Sir Charles Blyth (born 14 May 1940), known as Chay Blyth, is a Scottish yachtsman and rower. He was the first person to sail single-handed non-stop westwards around the world (1971), on a 59-foot boat called British Steel.

==Early life==
Blyth was born in Hawick, Roxburghshire. He joined the Parachute Regiment when he was 18 and was promoted to Sergeant at the age of 21.

==Rowing and sailing career==

| Year |  |
|---|---|
| 1966 | While in the army, Blyth, together with Captain John Ridgway, rowed across the North Atlantic in a 20 ft open dory called English Rose III. After completing this in 92 days, Blyth was awarded the British Empire Medal (BEM) in the 1967 Birthday Honours. |
| 1968 | With no sailing experience, Blyth competed in the Sunday Times Golden Globe Race, aboard a 30 ft yacht called Dytiscus. He retired from the race just past the Cape of Good Hope. The author, Peter Nichols, wrote that "Few people leaving a dock for an afternoon sail in a dinghy have cast off with less experience than Chay Blyth had when he set sail alone around the world". |
| 1971 | Blyth became the first person to sail non-stop westwards around the world, aboard the yacht British Steel, taking 292 days, and as a result was made a Commander of the Order of the British Empire (CBE) in the 1972 New Year Honours for services to sailing. |
| 1973 | Blyth skippered a crew of paratroopers in the yacht Great Britain II, which took line honours in the 3rd stage of the Whitbread Round the World Yacht Race. |
| 1978 | He won the Round Britain Race in the yacht Great Britain IV. |
| 1981 | Entered the Whitbread race again in the yacht "United Friendly" and was the first British yacht to finish. |
| 1981 | On the yacht "Brittany Ferries GB" he won the Two-Handed Trans-Atlantic Race with co-skipper Rob James in record time. |
| 1981 | Came second again in the Round the Island Race (Isle of Wight). |
| 1982 | Came second overall and first in class in the Round Britain and Ireland Race on "Brittany Ferries GB". |
| 1984 | Capsized off Cape Horn aboard the trimaran "Beefeater II" while attempting to break the New York – San Francisco record with Eric Blunn. Rescued by passing fishing boat after 19 hours in the water. |
| 1985 | Co-skipper with Richard Branson on Virgin Atlantic Challenger I |
| 1986 | Co-skipper with Richard Branson on Virgin Atlantic Challenger II |

==Business career==
Blyth founded a company named Challenge Business to organise the 1992–1993 British Steel Challenge in 1989. This event allowed novices to sail around the world in a professionally organised race. After the British Steel Challenge, Global Challenge organized other Round the World yacht races.

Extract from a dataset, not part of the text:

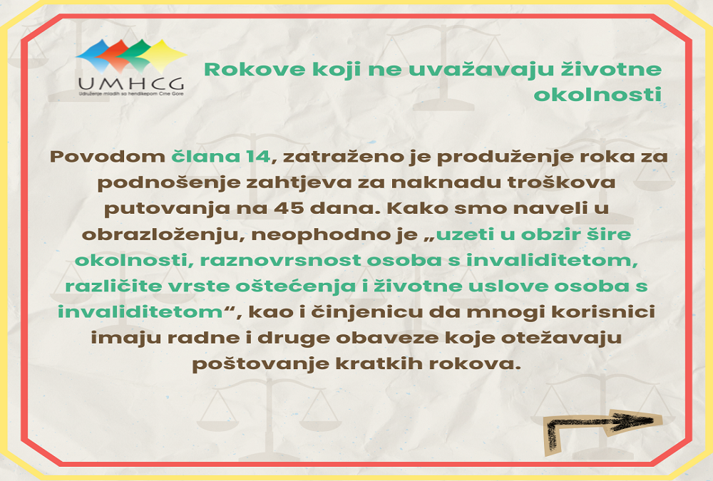 Povodom člana 14, zatraženo je produženje roka za podnošenje zahtjeva za naknadu troškova putovanja na 45 dana. Kako smo naveli u obrazloženju, neophodno je „uzeti u obzir šire okolnosti, raznovrsnost osoba s invaliditetom, različite vrste oštećenja i životne uslove osoba s invaliditetom“, kao i činjenicu da mnogi korisnici imaju radne i druge obaveze koje otežavaju poštovanje kratkih rokova.
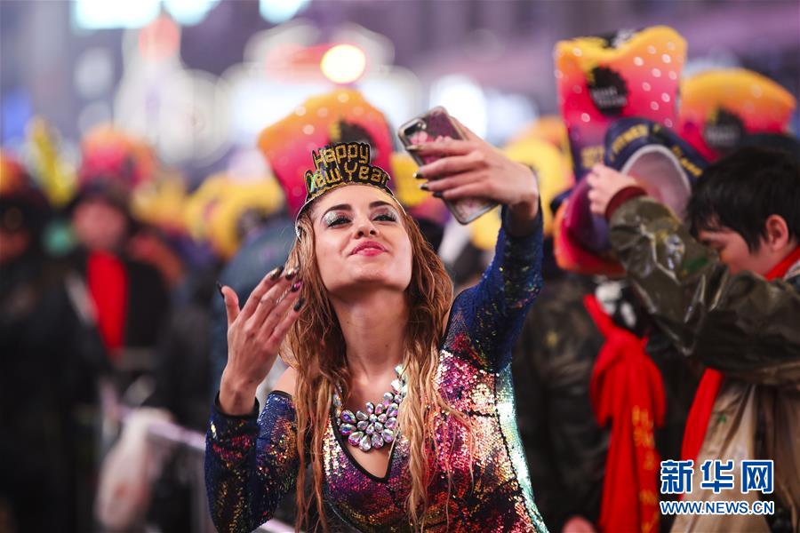 1月1日,在美国纽约时报广场,一名女子在新年钟声敲响后自拍。 新华社记者王迎摄

The British Steel Challenge was followed by two successive BT Global Challenge races in 1996−1997 and 2000–2001. A downturn in the sponsorship market meant that the 2004–2005 Global Challenge race set off without a title sponsor. In September 2007, Challenge Business went into administration, when Blyth had been unable to find a sponsor for the 2008–2009 Global Challenge Race.

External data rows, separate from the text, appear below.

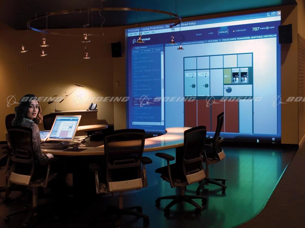 The virtual backbone of the Dreamliner Gallery is an innovative, three-dimensional configuration tool called eConfig. Showrooms include computers for customers to upload their preferences to eConfig, where customers can “walk” through virtual space and change every cabin layout, seat and galley with the click of a mouse. eConfig provides customers with an immediate virtual view of their configuration decisions, and their selections are automatically integrated with 787 engineering, manufacturing and operations.
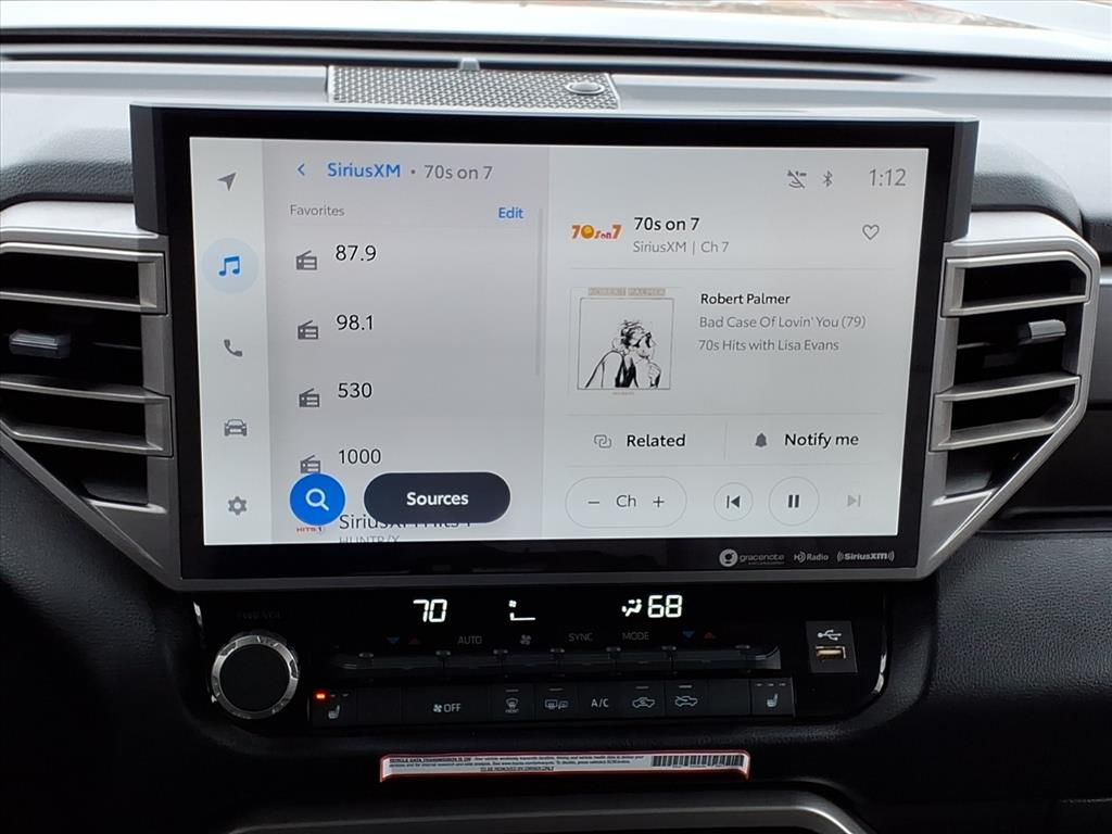 This 2022 Toyota Tundra 's blind spot monitor enhances safety. This vehicle offers Automatic Climate Control for personalized comfort. Protect this vehicle from unwanted accidents with a cutting edge backup camera system. Never get into a cold vehicle again with the remote start feature on this Toyota Tundra. Bluetooth technology is built into this vehicle, keeping your hands on the steering wheel and your focus on the road. This model offers Apple CarPlay for seamless connectivity. The leather seats in it are a must for buyers looking for comfort, durability, and style. Keep your hands warm all winter with a heated steering wheel in this Toyota Tundra . The state of the art park assist system will guide you easily into any spot. This unit offers Android Auto for seamless smartphone integration. Our dealership has already run the CARFAX report and it is clean. A clean CARFAX is a great asset for resale value in the future.
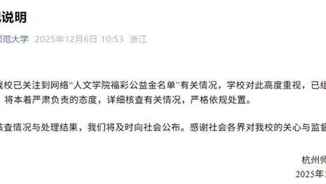 12月6日,杭州师范大学发布情况说明:我校已关注到网络“人文学院福彩公益金名单”有关情况,学校对此高度重视,已组建调查小组,将本着严肃负责的态度,详细核查有关情况,严格依规处置。核查情况与处理结果,我们将及时…

While chairman of Challenge Business, Blyth was the mentor for Dee Caffari on her successful bid to be the first woman to sail around the world against the prevailing winds and currents in 2005–2006.

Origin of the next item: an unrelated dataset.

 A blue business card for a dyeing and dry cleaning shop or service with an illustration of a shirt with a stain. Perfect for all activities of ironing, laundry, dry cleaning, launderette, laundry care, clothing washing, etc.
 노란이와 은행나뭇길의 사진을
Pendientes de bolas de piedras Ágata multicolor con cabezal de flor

As chairman of Inspiring Performance, Blyth also headed the board of directors of the train operating company First Great Western - Greater Western franchise. He became non-executive chairman of the franchise which was formed to run a new and enlarged service from 1 April 2006. The franchise combines the previous First Great Western, First Great Western Link and Wessex Trains franchises.

==Awards and accolades==
- In the 1997 Birthday Honours, Blyth was created a Knight Bachelor for services to sailing.
- A street has been named after him in his birth town of Hawick, known as "Chay Blyth Place".
- 3rd Worthing Scout Groups Blyth Cub Pack is named after him.
- Awarded an Honorary Doctorate of Technology from Plymouth University in 1994.
- The Chartered Institute of Marketing awarded The Companion of Honour to Sir Chay in 2000 for his services to the Profession of Marketing.